Varying Downstream Data \(P_2\) Source feature learning is critical at small \(P_2\); transfer gain is marginal when \(P_2\) is large.

Key Findings

  • Transfer success is determined by a joint phase diagram of (data volumes \(\nu_1, \nu_2\), alignment \(\alpha_s\), feature strengths \(\gamma_1, \gamma_2\)).
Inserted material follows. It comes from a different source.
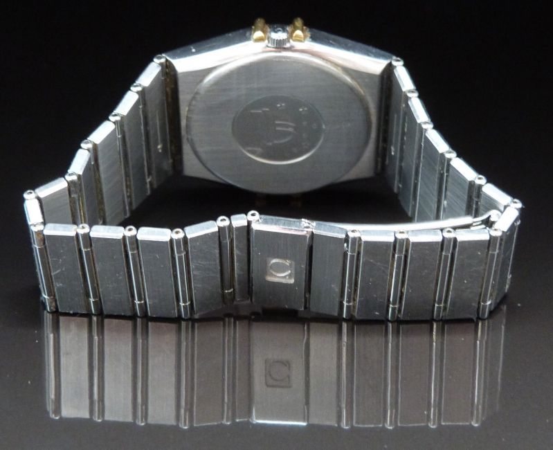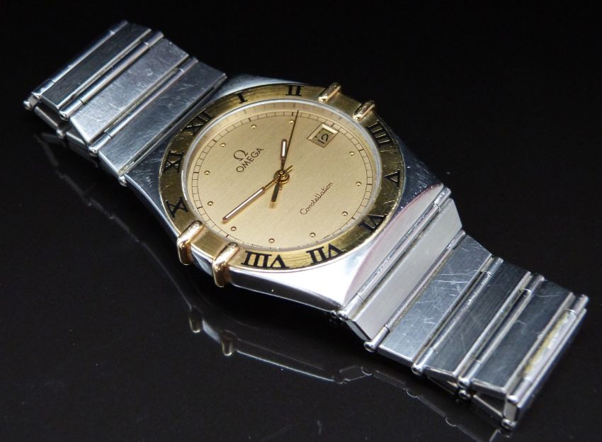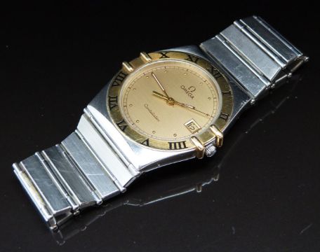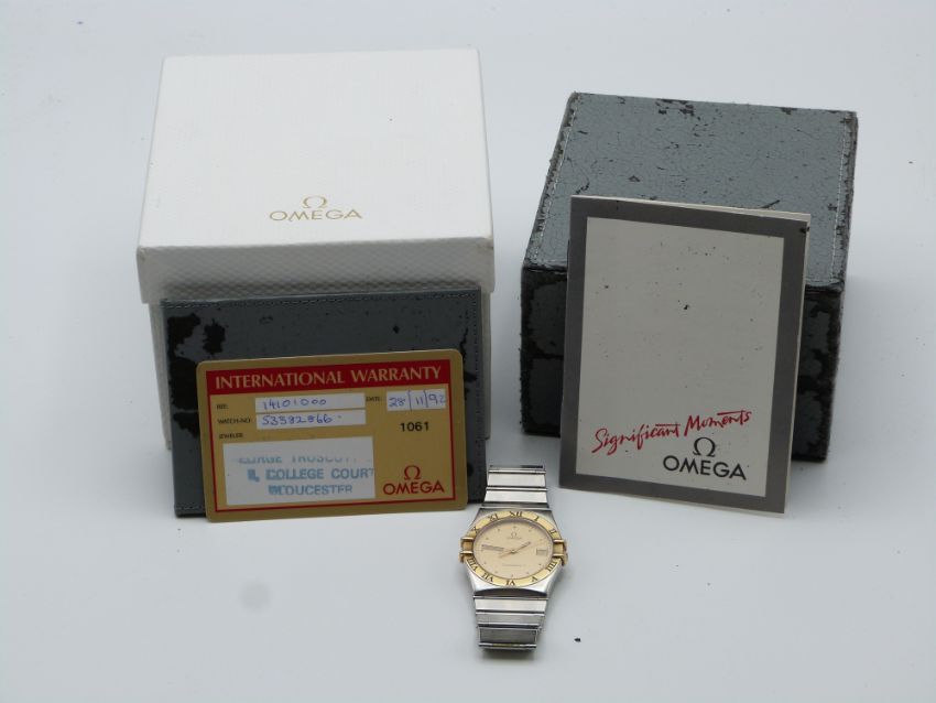 Omega Constellation wristwatch ref. 1410.10.00 with date aperture, luminous and gold hands, gold dot markers and dial, black Roman numerals to the gold bezel, stainless steel case and signed calibre 1424 quartz movement, on stainless steel bracelet, case diameter 30mm, serial number 53382866, in original box with international warranty card, related paperwork, spare links and outer box

The competition between "signal spike vs. noise spike vs. crosstalk" is the underlying mechanism.
  • An optimal feature strength exists: \(\gamma_1^\star(\nu_2)\) is larger for small \(\nu_2\) (variance reduction dominates) and decreases as \(\nu_2\) grows (feature drift bias begins to hurt).
  • Under joint rich, a larger \(\gamma_2\) causes the target pre-activation distribution \(p(h)\) to deviate further from Gaussian—a "fingerprint" of true feature learning that does not occur in the lazy limit.

Highlights & Insights

  • Closed-form Loss for Transfer Utility: Eq.8/13/15 express transfer gain directly as functions of data, alignment, and richness, providing an interpretable and predictive phase diagram that NTK/NNGP theories cannot provide.
  • Insightful Adaptive Kernel Decomposition: Precising defining the harm of finite samples as "noise spikes + crosstalk terms" allowed a fine-grained explanation of representation quality.
  • "Infinite Richness is Harmful" is Counter-intuitive: While it is often assumed that more feature learning is better, Result 4 proves that excessively rich pre-training causes kernels to collapse to rank-one, losing learnability in all but the source direction.

Limitations & Future Work

  • Linear toy models rely on strong assumptions like isotropic data, which simplifies closed-form solutions but limits quantitative prediction range for structured/heavy-tailed data.
  • Analytical conclusions focus on two-layer networks where feature space dynamics are Markovian; deep networks involve complex history dependence.
  • Future work: Studying which hidden layers should be kept during transfer and connecting the framework to curriculum learning to explain task sequencing effects.
  • vs. NTK/NNGP Fixed Kernel Theory (Canatar 2021, Jacot 2020): These obtain fixed kernels where representations do not change. Ours preserves feature learning via µP, where kernels adapt to data.
  • vs. Bayesian Multi-task Transfer (Ingrosso 2025, Shan 2025): These regularize the target model toward source posterior weights. Ours uses gradient flow + DMFT to characterize how fluctuations in finite source data hurt fine-tuning.
  • vs. Deep Linear Fine-tuning (Tahir 2024): Previous works only analyzed infinite source data and low-rank kernels. Ours covers finite data fluctuations and extends to non-linear networks and joint rich settings.

Rating

  • Novelty: ⭐⭐⭐⭐⭐ First theory to provide a closed-form phase diagram for transfer success in an infinite-width feature learning limit.
  • Experimental Thoroughness: ⭐⭐⭐⭐ Synthetic tasks and CIFAR-10 validate the theory well, though large-scale real-world datasets are limited.
  • Writing Quality: ⭐⭐⭐⭐ Clear structure and progressive results, though high formula density may be a barrier for non-theory readers.
  • Value: ⭐⭐⭐⭐⭐ Provides an interpretable theoretical guide for "when to pre-train" and "when negative transfer occurs."